Piccioli, eterik ile bir bahar koleksiyonunu birleştiren bir bahar koleksiyonuyla kendini mükemmel bir şekilde kurdu. Gerçeküstü dokunuş, şüphesiz geçen Paris sezonunun en önemli olaylarından biri olan şeyle sonuçlandı. düşmek. Dantelden, çarpıcı pembe pelerinlerden, tatlı bale sandaletlerinden ve büyüleyici minyatür çantalardan yapılmış basamaklı elbiseler, gizli bir alt akıntıyı yalanladı. İngiliz tasarımcı Zandra Rhodes tarafından yaratılan baskılarda gösterilen karanlık, kısmen onun çılgınca büyüleyici resimlerine dayanıyordu. Hieronymus Bosch. Yakından bakarsanız, küpelerin küçük hançerler şeklinde olduğunu gördünüz.

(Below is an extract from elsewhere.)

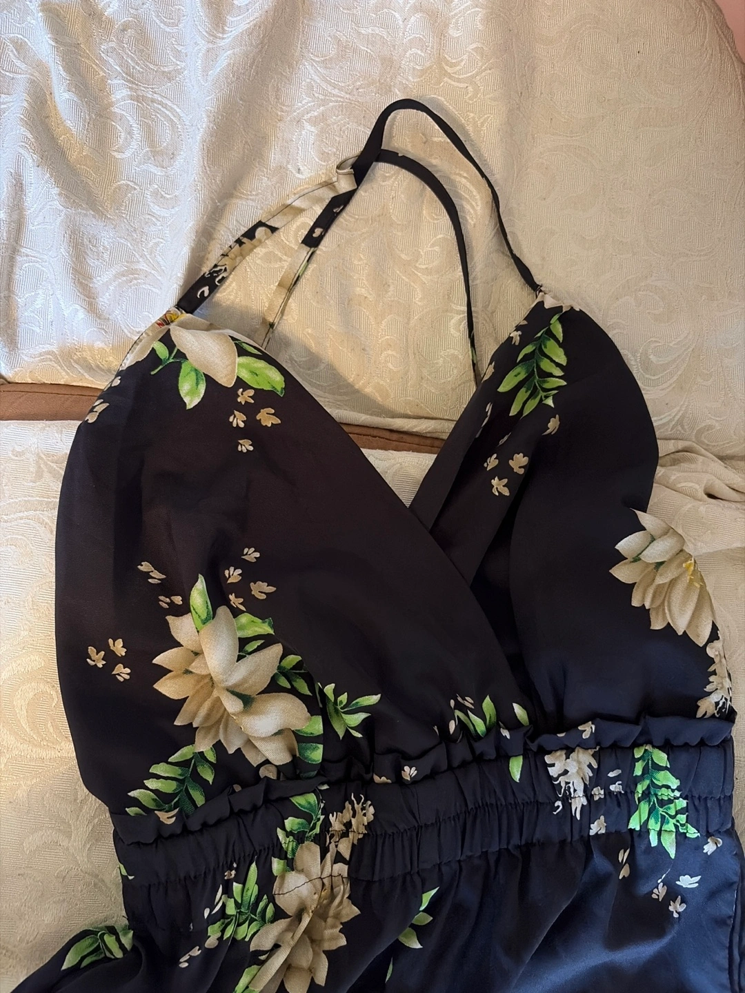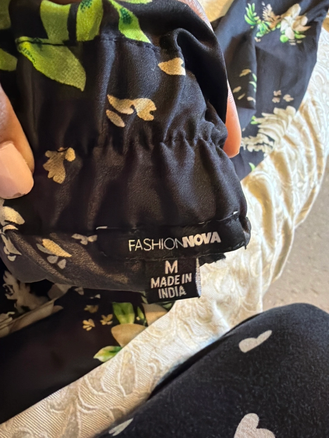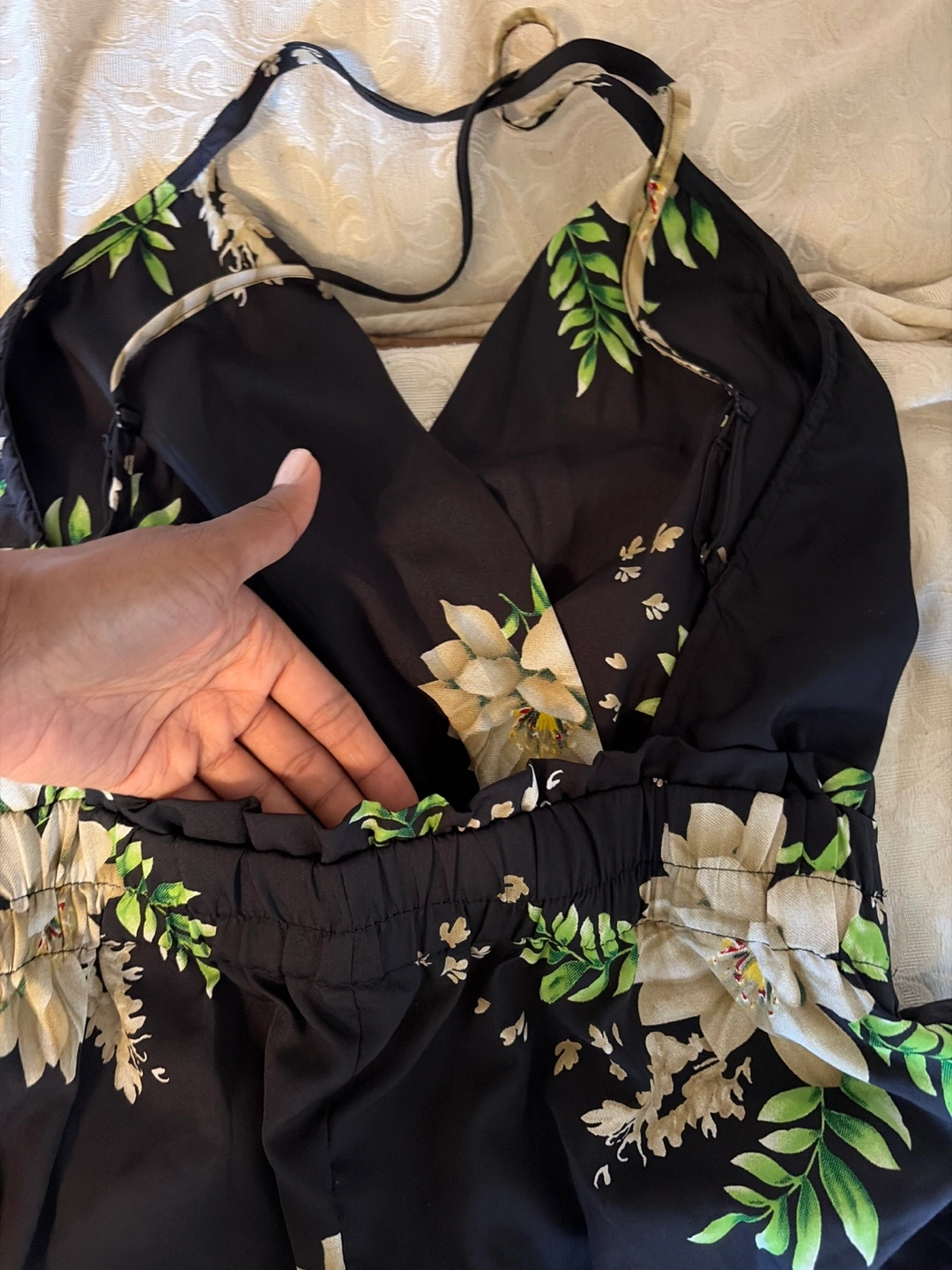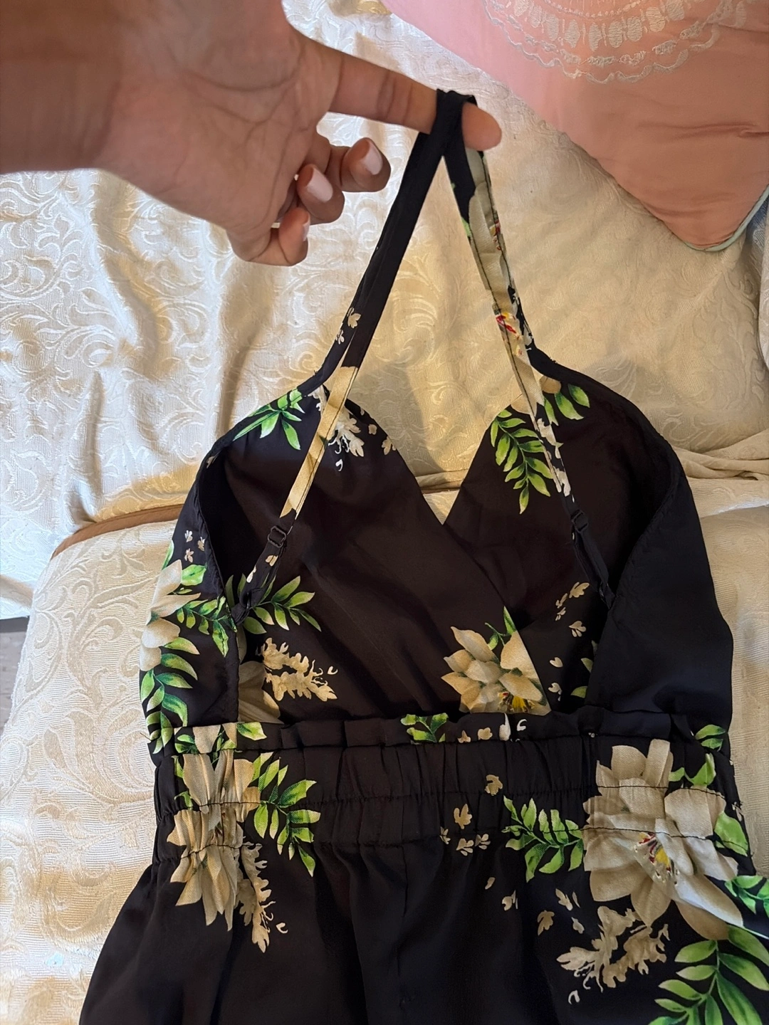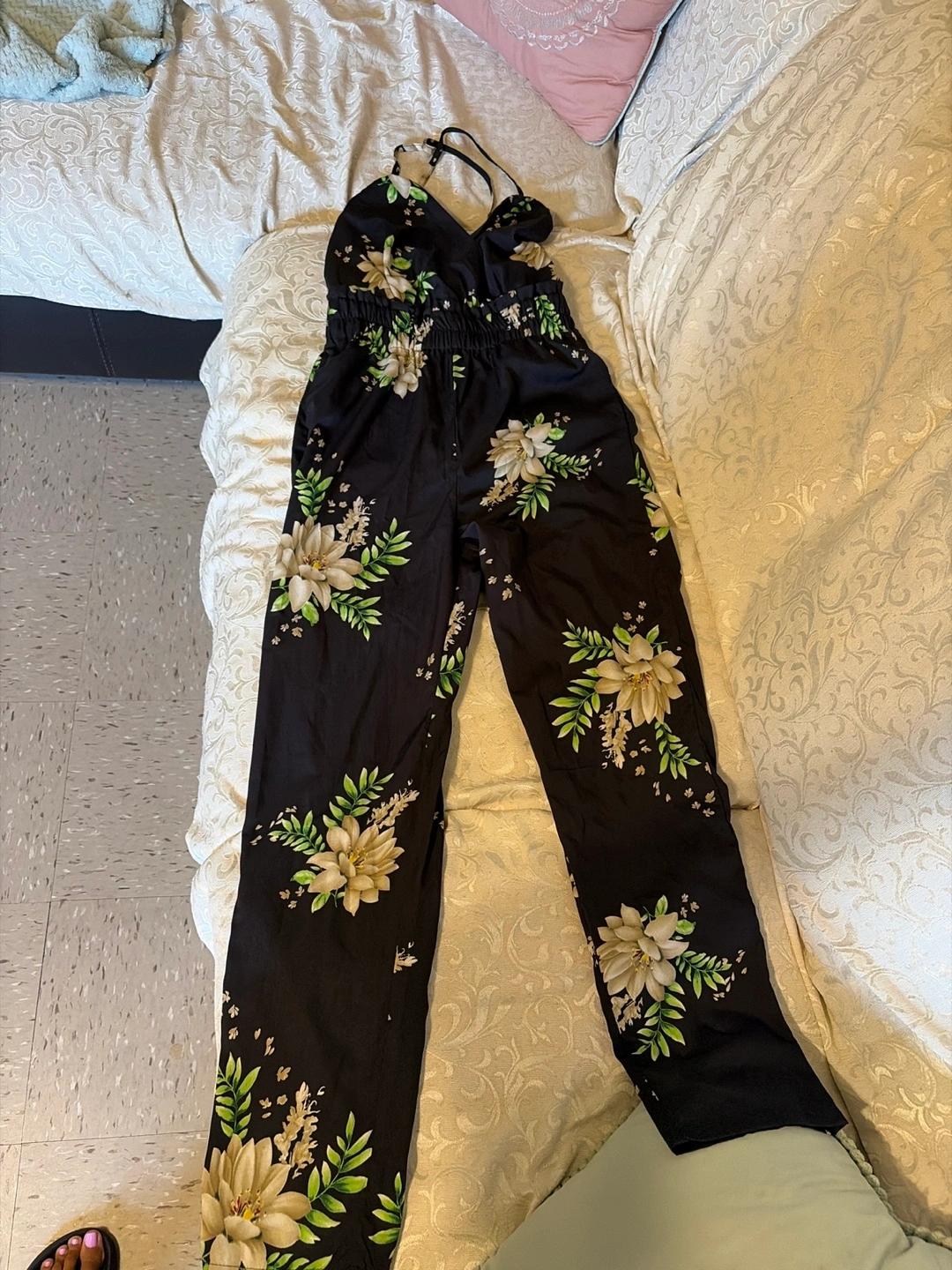 Selling a cute Fashion Nova jumpsuit! It's a size medium and features a black background with a lovely floral pattern. Perfect for a casual day out or dressing up for an evening event

Aralık ayında yetiştiğimizde Piccioli, "Bu koleksiyon modaya yaklaşımımı değiştirdi" dedi. “Estetik köklerime geri döndüm. Orta Çağ'ın sonuna ve İtalyan kültürümün bir parçası olan Rönesans'ın başlangıcına kadar.
Paris gösterisinden kısa bir süre sonra, mutlulukla söylemek isterim ki, Piccioli'yi başka bir arkadaşım Christy Turlington Burns ile tanıştırma fırsatım oldu. Süper model ve anne sağlığı savunucusu ara sıra ayak parmaklarını modanın sularına daldırıyor ve bu benim için sürpriz olmadı. Piccioli, Turlington Burns'ten New'da fotoğraflanan ilk solo Valentino kampanyasında işbirliği yapmasını hemen istediğinde York. Turlington Burns'ün Valentino'nun genel merkezinin bulunduğu Roma'ya papayla buluşmak için gideceğini duyduğumda, Ondan ve Piccioli'den bir kez daha akılların buluşması için bir araya gelmelerini istedim. röportaj yapmak.

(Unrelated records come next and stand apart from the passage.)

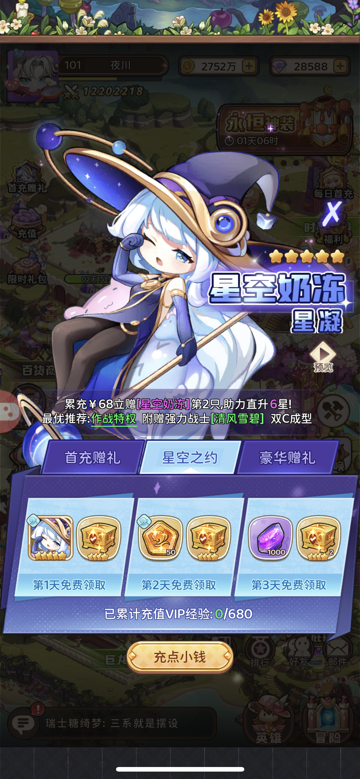 1、这游戏零氪能玩,而且很舒服,但是资源进度肯定比氪佬慢很多,我5/6kw战力的时候氪佬都一亿多了。 2、神话卡里面有很强的,比如霹雳跳跳糖群伤,6元首充的法术群伤,清风雪碧的速度连击,还有暴风雪的群盾。3、白嫖也可以获得很多光暗资源,自己慢慢攒吧,首推提拉米苏,复活太强了。榴莲也很强,我没玩,别人玩了吊打我,后悔。vip等级可以白嫖经验的,我是真一毛没氪暂时没想到别的,有问题可以提,我6月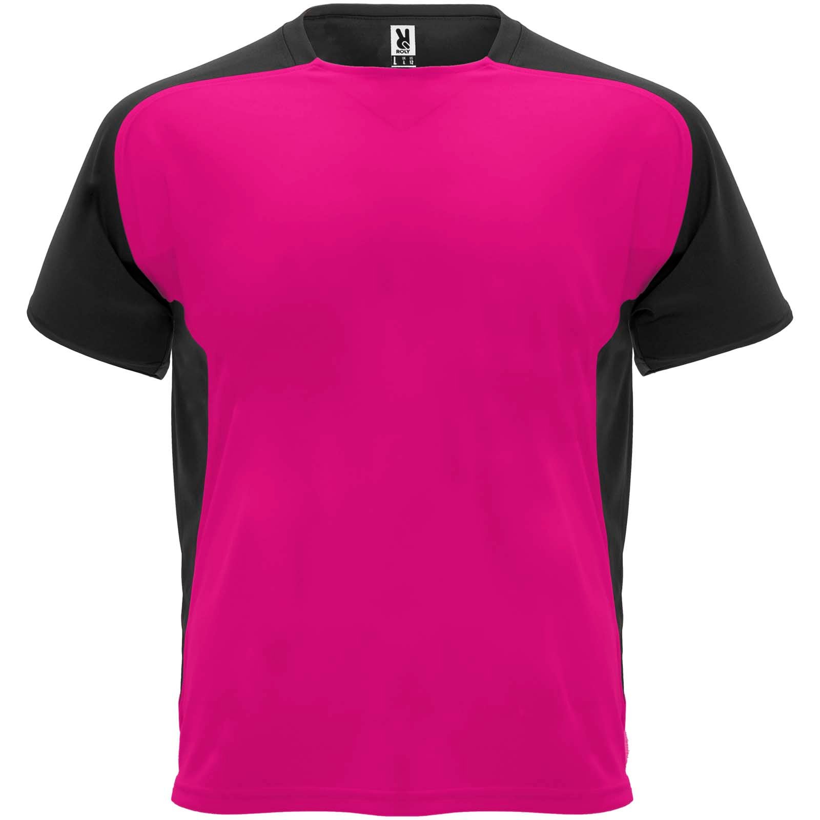 Tissu technique et respirant. Col ras-du-cou avec surpiqûres assorties. Manches raglan et panneaux latéraux contrastés. Étiquette détachable.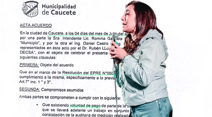 El 4 de julio de 2025, la Intendenta de Caucete, Romina Rosas, firmó un acta acuerdo con DECSA, la distribuidora de energía, donde se comprometía a pagar la deuda que el departamento mantiene con la empresa distribuidora de energía. Ahora se desdice y no quiere pagar.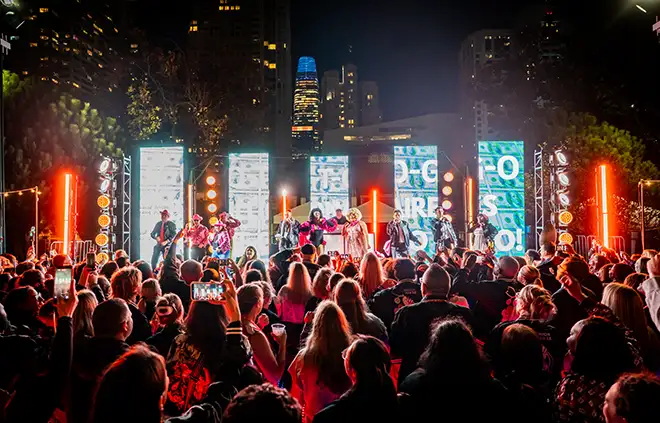 For Yerba Buena Gardens' stage and dance floor setup, the crew incorporated Maverick Storm 2 BeamWash fixtures, ACME Pixel Line fixtures, LED panels, and a steel deck package.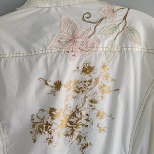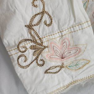 White with beautiful colored embroidery and stitching throughout. Only worn once. Runs small.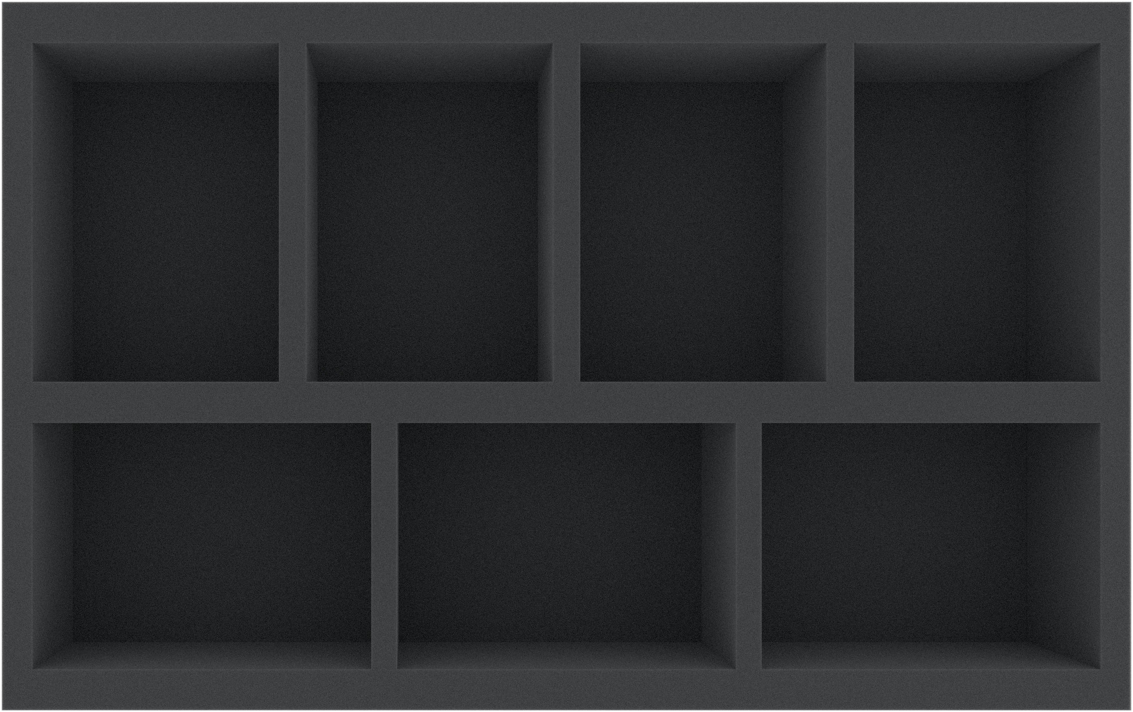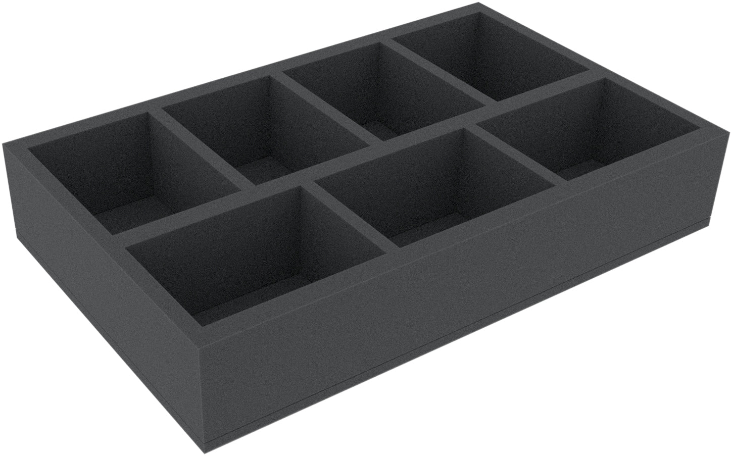This Double-Size foam tray is divided into 7 compartments. These compartments of the same size are ideal for safely storing large figures, such as vehicles, monsters or character models, for various board games and tabletop systems.

LAURA BROWN: Ciao, siz ikiniz! Valentino atölyesinde birlikte çektiğiniz bu güzel fotoğraflara bakıyorum ve Christy, Vatikan'a giderken bunu sıktığınız için teşekkürler! Sormak zorundayım: Papa, Naomi Campbell ve Linda Evangelista ile süper modellerin orijinal üçlüsünü oluşturduğunuzun farkında mıydı?
CHRISTY TURLINGTON BURNS: Ah-ha-ha! Vatikan bunu duysaydı, muhtemelen onun yakınında hiçbir yerde hoş karşılanmazdım! küfür! Aman tanrım. Size bir kez, yıllar önce [1995'te], Herb Ritts tarafından fotoğraflanan, giyindiğim ve erkeklerin çıplak olduğu bir Valentino kampanyası yaptığımı söyleyeceğim.
PIERPAOLO PICCIOLI: Ah, hatırladım!
CTB: Vatikan'ın bu kampanyadan pek memnun olmadığı söylendi.
PP: Bütün erkekler arkadaydı.
CTB: Aynen. Hepsi bir şekilde... beni kucaklıyordu. Kimse beni bu konuda önceden uyarmadı. Biraz rahatsız oldu. Ama evet, daha sonra bana Papa II. John Paul'a ulaştığı söylendi ve Vatikan bundan memnun olmadı. Bu yüzden bugün geri dönüp biraz daha saygılı davranarak telafi ettim.
PP: Papa Francis inanılmaz, değil mi?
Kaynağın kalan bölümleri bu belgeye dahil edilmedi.